I'm new to R and I'm facing a problem, I have a date vector and a dataframe containing data regarding sales values and coverage start and end dates.
I need to defer the sale value at each analysis date, for the first analysis period, I can create an algorithm that gives me the desired answer. However in my real data I am working with a base of 200K rows and 50 analysis periods.
I'm not able to build a loop or find an alternative function in R that allows me to create the variables Aux[i] and Test[i] according to the number of dates present in the vec_date vector.

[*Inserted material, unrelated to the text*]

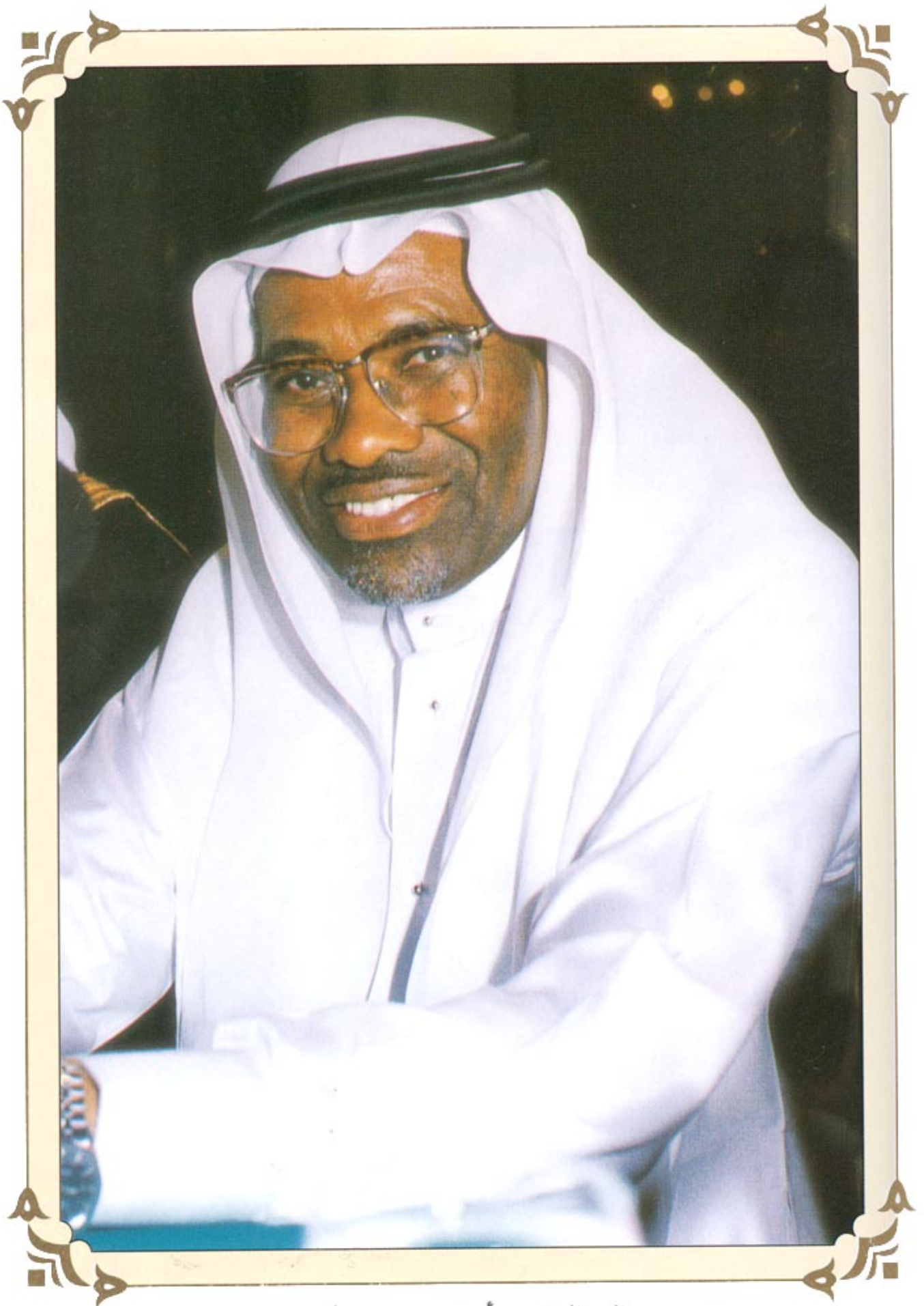
معالي الدكتور أحمد محمد علي

The following is an example of code that works for the first analysis period.
library(tidyverse)
library(lubridate)
df <- tibble(DateIn = c(ymd("2021-10-21", "2021-12-25", "2022-05-11")),
DateFin = c(ymd("2022-03-10", "2022-07-12", "2023-02-15")),
Premium = c(11000, 5000, 24500))
date <- ymd("2021-12-31")
vec_date <- date %m % months(seq(0, 12, by = 6))
df_new <- df |>
mutate(duration = as.numeric(DateFin - DateIn),
Pr_day = Premium/duration,
Aux1 = if_else(DateIn > vec_date[1] | DateFin < vec_date[1], "N", "Y"),
test1 = if_else(Aux1 == "Y" & DateFin > vec_date[1], as.numeric(DateFin - vec_date[1])*Pr_day,
if_else(DateIn > vec_date[1], Premium, 0)))

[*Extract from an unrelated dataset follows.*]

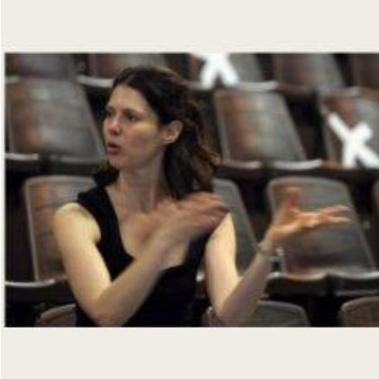
profil de l'auteur

Does anyone have any idea how I could build this loop, or is there any R function/package that allows me to perform this interaction between my df dataframe and vec_date vector?
Edit: an outline of the format you would need as a result would be:
df_final <- tibble(DateIn = c(ymd("2021-10-21", "2021-12-25", "2022-05-11")),
DateFin = c(ymd("2022-03-10", "2022-07-12", "2023-02-15")),
Premium = c(11000, 5000, 24500),
Aux1 = c("Y", "Y", "N"),
test1 = c(5421.429, 4849.246, 24500.000),
Aux2 = c("N", "Y", "Y"),
test2 = c(0.0000, 301.5075, 20125.0000),
Aux3 = c("N", "N", "Y"),
test3 = c(0, 0, 4025))
Where, Aux1 and test1 are the results referring to vec_date[1], 2 = vec_date[2], 3 = vec_date[3]. For me it is important to keep the resulting variables in the same dataframe because later analysis will be done.
CodePudding user response:
I'm having trouble figuring out what your intended outcome is supposed to be; is this example heading in the right direction?
library(tidyverse)
library(lubridate)
#>
#> Attaching package: 'lubridate'
#> The following objects are masked from 'package:base':
#>
#> date, intersect, setdiff, union
df <- tibble(DateIn = c(ymd("2021-10-21", "2021-12-25", "2022-05-11")),
DateFin = c(ymd("2022-03-10", "2022-07-12", "2023-02-15")),
Premium = c(11000, 5000, 24500))
date <- ymd("2021-12-31")
vec_date <- date %m % months(seq(0, 12, by = 6))
test_func <- function(ind){
df_new <- df |>
mutate(duration = as.numeric(DateFin - DateIn),
Pr_day = Premium/duration,
Aux1 = if_else(DateIn > vec_date[ind] | DateFin < vec_date[ind], "N", "Y"),
test1 = if_else(Aux1 == "Y" & DateFin > vec_date[ind], as.numeric(DateFin - vec_date[ind])*Pr_day,
if_else(DateIn > vec_date[ind], Premium, 0))) |>
filter(Aux1 == "Y")
}
list_of_results <- lapply(seq_along(vec_date), test_func)
names(list_of_results) <- vec_date
list_of_results
#> $`2021-12-31`
#> # A tibble: 2 × 7
#> DateIn DateFin Premium duration Pr_day Aux1 test1
#> <date> <date> <dbl> <dbl> <dbl> <chr> <dbl>
#> 1 2021-10-21 2022-03-10 11000 140 78.6 Y 5421.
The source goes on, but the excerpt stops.